> **Task objective**: Copy out the data exactly, leaving the pictures behind.

> **Data under study**:
╭──

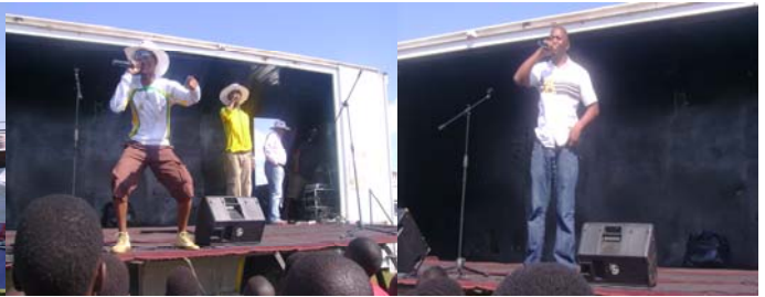
LOCAL ARTIST ENTERTAINING THE COMMUNITY
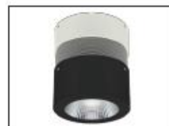
Example: /WGB White, grey, black
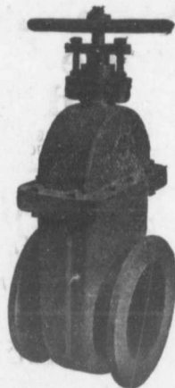
Flanged End Gate Valve with Hand-Wheel.
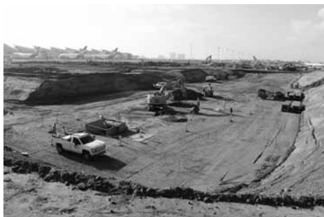
The LAX modernization project started in 2009 and the work is expected to last through 2023, creating more than 120,000 construction jobs per year.

Contractors kept employees on the job longer because firms couldn't find enough skilled and qualified people for their projects, according to the building trade association's economist. But, more projects such as the newly announced Inglewood arena for the Clippers would make the labor shortage even
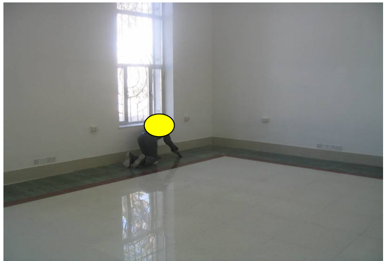
Site Photos 17 and 18. Quality workmanship done to the interior of the MOD HQ building
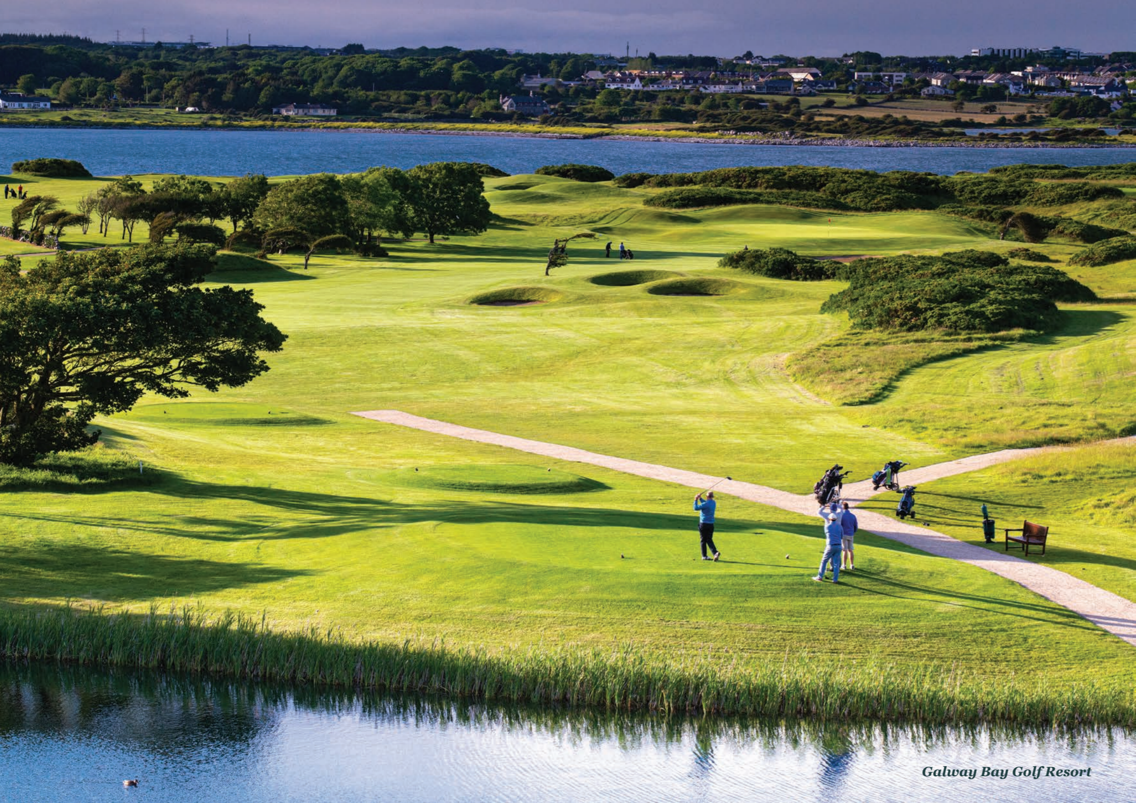
Galway Bay Golf Resort
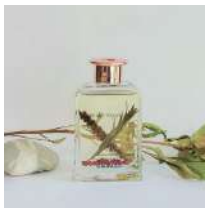
FOREST FIG TREE 森林無花果樹
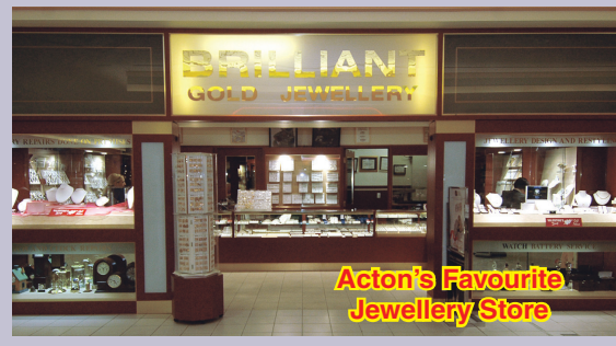
Acton's Favourite Jewellery Store

congratulations to all our winners in the 2011 Readers' Choice Awards.
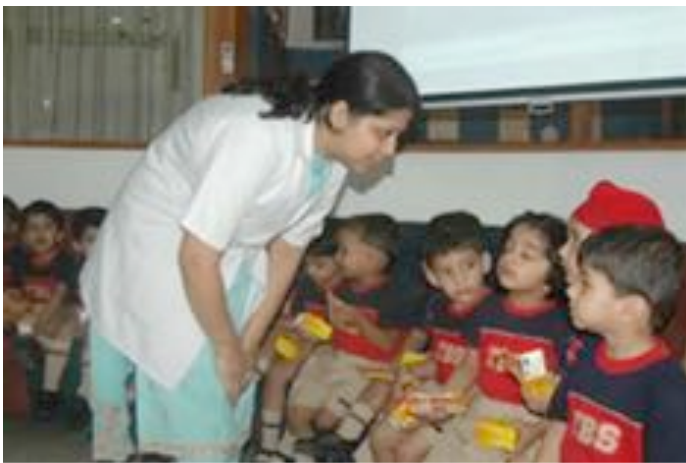
DHAS offers dental health awareness at traveling dental exhibitions.

All activities, equipment, and materials are sponsored by the Trigon Dental Society. Free services are offered by the volunteer dentists from the near by dental colleges. No charges are taken for any services rendered by the society.
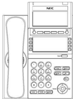
DESI Less 8 Button
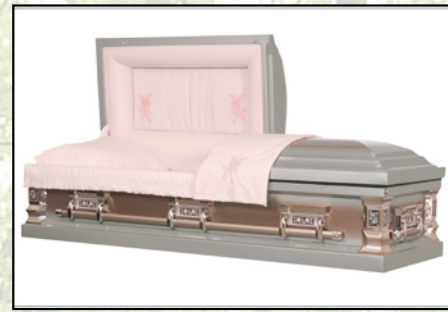
TAPESTRY ROSE Pink Velvet Interior $4,495
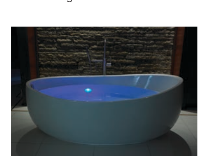
Chromatherapy-LED Lighting System
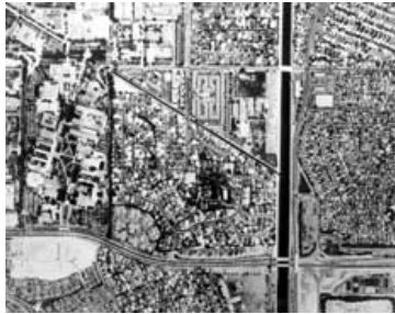
This present-day view of Rancho Los Alamitos shows present-day encroachments and adjacent developments that will affect the future treatment of visual and spatial relationships.

Although there are several ways to inventory and document a landscape, the goal is to create a baseline from a detailed record of the landscape and its features as they exist at the present (considering seasonal variations). Each landscape inventory should address issues of boundary delineation, documentation methodologies and techniques, the limitations of the inventory, and the scope of inventory efforts.
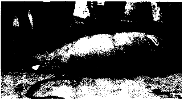
Fig. 1. The giant groupers landed at Paradeep, Orissa.

A giant grouper, Epinephalus lanceolatus (Bloch) ( Promicrops lanceolatus ) locally called 'Kaibaley' measuring 202 cm in total length was landed at Paradeep on 18-12-'97 by a trawler operated 12 km south of Paradeep (Fig. 1). The fish with an approximate weight

╰──

> **Answer to this task**:
LOCAL ARTIST ENTERTAINING THE COMMUNITY
Example: /WGB White, grey, black
Flanged End Gate Valve with Hand-Wheel.
The LAX modernization project started in 2009 and the work is expected to last through 2023, creating more than 120,000 construction jobs per year.

Contractors kept employees on the job longer because firms couldn't find enough skilled and qualified people for their projects, according to the building trade association's economist. But, more projects such as the newly announced Inglewood arena for the Clippers would make the labor shortage even
Site Photos 17 and 18. Quality workmanship done to the interior of the MOD HQ building
Galway Bay Golf Resort
FOREST FIG TREE 森林無花果樹
Acton's Favourite Jewellery Store

congratulations to all our winners in the 2011 Readers' Choice Awards.
DHAS offers dental health awareness at traveling dental exhibitions.

All activities, equipment, and materials are sponsored by the Trigon Dental Society. Free services are offered by the volunteer dentists from the near by dental colleges. No charges are taken for any services rendered by the society.
DESI Less 8 Button
TAPESTRY ROSE Pink Velvet Interior $4,495
Chromatherapy-LED Lighting System
This present-day view of Rancho Los Alamitos shows present-day encroachments and adjacent developments that will affect the future treatment of visual and spatial relationships.

Although there are several ways to inventory and document a landscape, the goal is to create a baseline from a detailed record of the landscape and its features as they exist at the present (considering seasonal variations). Each landscape inventory should address issues of boundary delineation, documentation methodologies and techniques, the limitations of the inventory, and the scope of inventory efforts.
Fig. 1. The giant groupers landed at Paradeep, Orissa.

A giant grouper, Epinephalus lanceolatus (Bloch) ( Promicrops lanceolatus ) locally called 'Kaibaley' measuring 202 cm in total length was landed at Paradeep on 18-12-'97 by a trawler operated 12 km south of Paradeep (Fig. 1). The fish with an approximate weight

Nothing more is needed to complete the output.